Godefroit et al. concluded that the filaments earlier reported in Ornithischia, with Psittacosaurus and Tianyulong, could be homologous to the "protofeathers" found in non-avian theropods. With known feather-like structures in pterosaurs, there is evidence for it being basal to Ornithodira. An attempt to reconstruct the likely ancestral state of dinosaurs found it to be likely that both Ornithodira and Dinosauria were ancestrally scaly, however, this result was only obtained when assuming that early pterosaurs were scaly.

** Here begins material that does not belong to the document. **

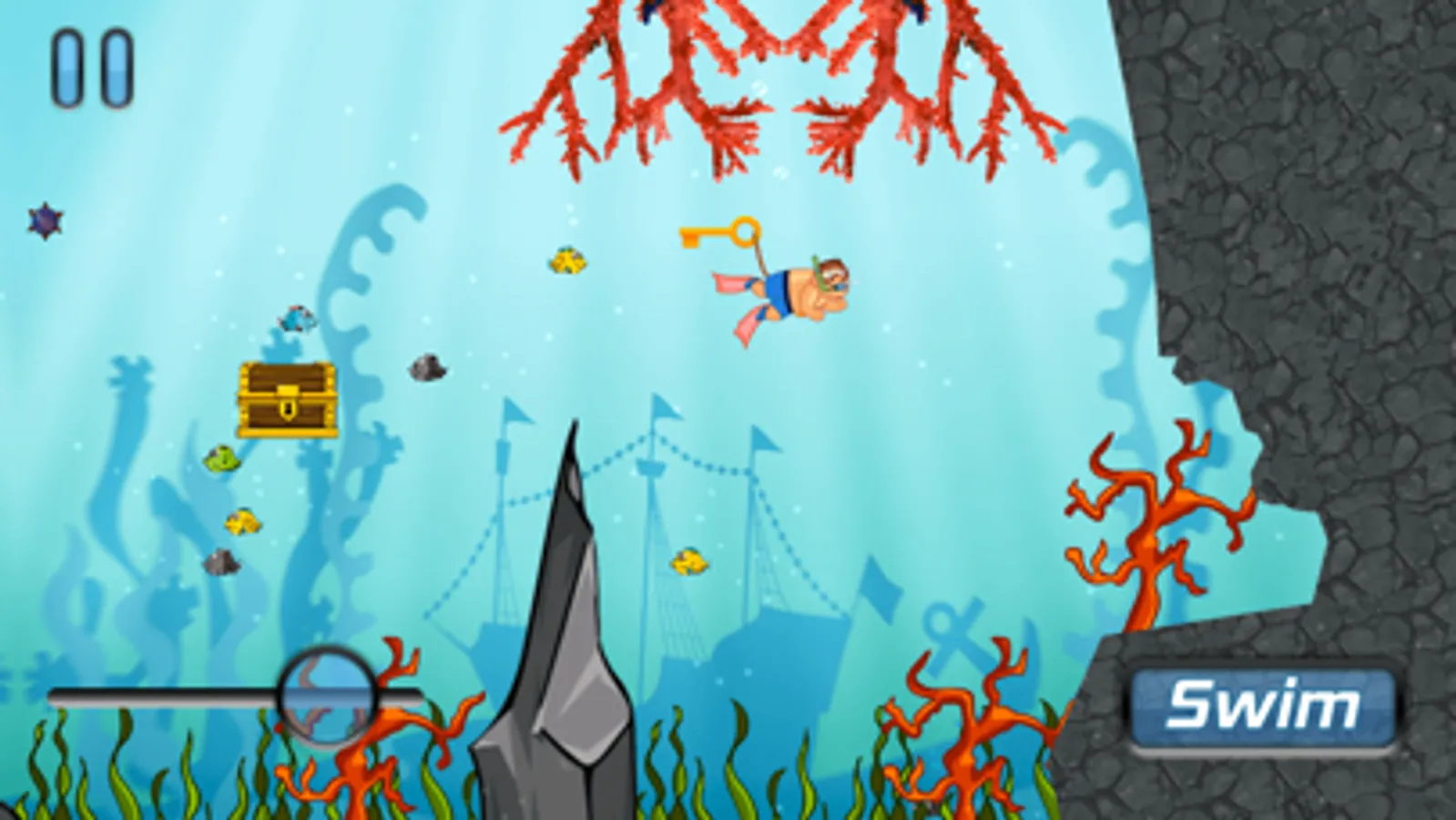 Sharks will definitely gives you a tough time and swim through hungry sharks into the deep sea is death. First you have to find the key of the treasure and the key is protected by many dangerous predators.

A comment on Godefroit et al. argues that the filamentous structures described at Kulindadromeus do not resemble protofeathers, rather they suggest it to be degraded collagen fibers. Pascal Godefroit and colleagues reply, "If, according to Lingham-Soliar's hypothesis, those filaments represent collagen fibers or fiber bundles, it is surprising that they are not preserved in the numerous (more than 20) partial or whole tails of Kulindadromeus, given that the tail should have contained particularly high amounts of collagen for structural support. Moreover, Lingham-Soliar fails to explain how scales should be selectively degraded and/or dislocated around the humerus and femur but never around the distal tibia and tail." Further, they state that the described morphology of the integument are not consistent with degraded collagen fibers, as the filaments are widely spaced.